The Pleasing Instructor or Entertaining Moralist containing Select Essays, Relations, Visions and Allegories collected from The most Eminent English Authors, to which are prefixed New thoughts on Education. A New Edition.
[ Fisher, Anne, compiler ].

York: Published by Wilson, Spence and Mawman, [n.d., 1795?]. Later edition, probably pirated, of a book originally published in 1756. There were many reprints of this work, but all are rare. The present edition is cited in five locations, three in the U.K., and two in California (the Huntington Library and UCLA). Engraved title-page, three engraved plates. Title-page very soiled. A decent copy of a scarce book. Modern marbled wrappers. Twelvemo, in sixes. [2], 360 pp. (Item ID: 15637)

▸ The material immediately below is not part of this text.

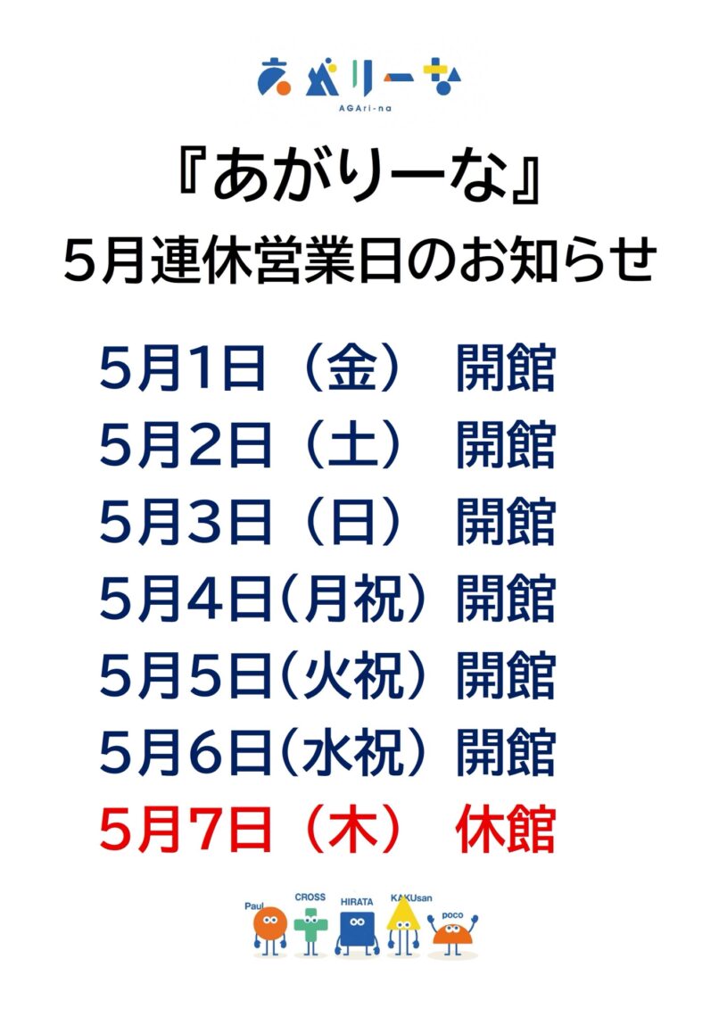 『あがりーな』は、5月の連休中は休まず開館いたします。

Anne Fisher (1719-1778), the wife of Newcastle printer Thomas Slack and the mother of nine daughters, wrote a number of books on education. She “was no mere compiler; she wrote as an experienced educator. Her comments on the teaching of English grammar in the preface of her New Grammar continue to be pertinent and there is a modern ring, too, to her remark, in the introduction to her Pleasing Instructor, that: ‘An austere or learned pedant has sometimes whipped Latin, Greek, &c. into a lad, whose very disgust to it increased, perhaps, with the Acquisition thereof; but it is a manifest absurdity to maintain or imagine that anyone can be awed into a Love of learning’ (quoted in Oxford DNB). Fisher continues to lament the state of women’s education, believing that “a young lady should be taught to think, reflect, and form a taste of life in.”